What you need to do | In the data below, locate the line containing "一位农村的以卖菜为生的老人走" and the line containing "一方、レーザー焼き入れは最新の技術で刃先を硬くし、長持ちする鋭さを実現します。", then retype both and everything between them exactly. Pictures are not part of the copy.

Data for processing |

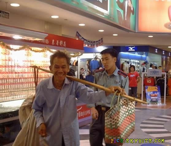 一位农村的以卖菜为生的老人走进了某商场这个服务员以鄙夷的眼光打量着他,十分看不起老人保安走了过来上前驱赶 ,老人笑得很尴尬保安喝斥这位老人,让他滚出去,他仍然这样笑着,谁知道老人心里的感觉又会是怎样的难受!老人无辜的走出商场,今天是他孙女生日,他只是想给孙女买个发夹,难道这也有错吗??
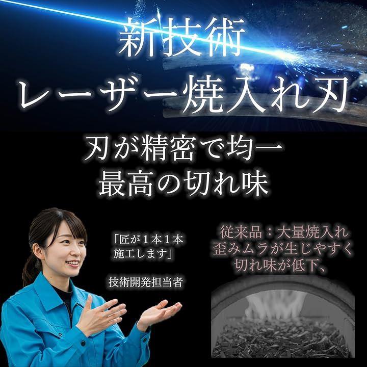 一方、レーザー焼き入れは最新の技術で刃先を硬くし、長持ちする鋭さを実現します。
--
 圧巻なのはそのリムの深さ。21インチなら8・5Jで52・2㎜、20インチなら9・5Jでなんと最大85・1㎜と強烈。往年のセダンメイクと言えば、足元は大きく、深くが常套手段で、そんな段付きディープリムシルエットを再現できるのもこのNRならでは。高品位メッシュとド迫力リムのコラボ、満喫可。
==
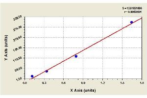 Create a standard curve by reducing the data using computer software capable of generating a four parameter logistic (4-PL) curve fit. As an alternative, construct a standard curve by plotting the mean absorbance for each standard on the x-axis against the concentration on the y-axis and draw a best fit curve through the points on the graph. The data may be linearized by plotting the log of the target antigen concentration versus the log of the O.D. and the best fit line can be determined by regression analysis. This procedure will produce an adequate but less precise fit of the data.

Task solution |
 一位农村的以卖菜为生的老人走进了某商场这个服务员以鄙夷的眼光打量着他,十分看不起老人保安走了过来上前驱赶 ,老人笑得很尴尬保安喝斥这位老人,让他滚出去,他仍然这样笑着,谁知道老人心里的感觉又会是怎样的难受!老人无辜的走出商场,今天是他孙女生日,他只是想给孙女买个发夹,难道这也有错吗??
 一方、レーザー焼き入れは最新の技術で刃先を硬くし、長持ちする鋭さを実現します。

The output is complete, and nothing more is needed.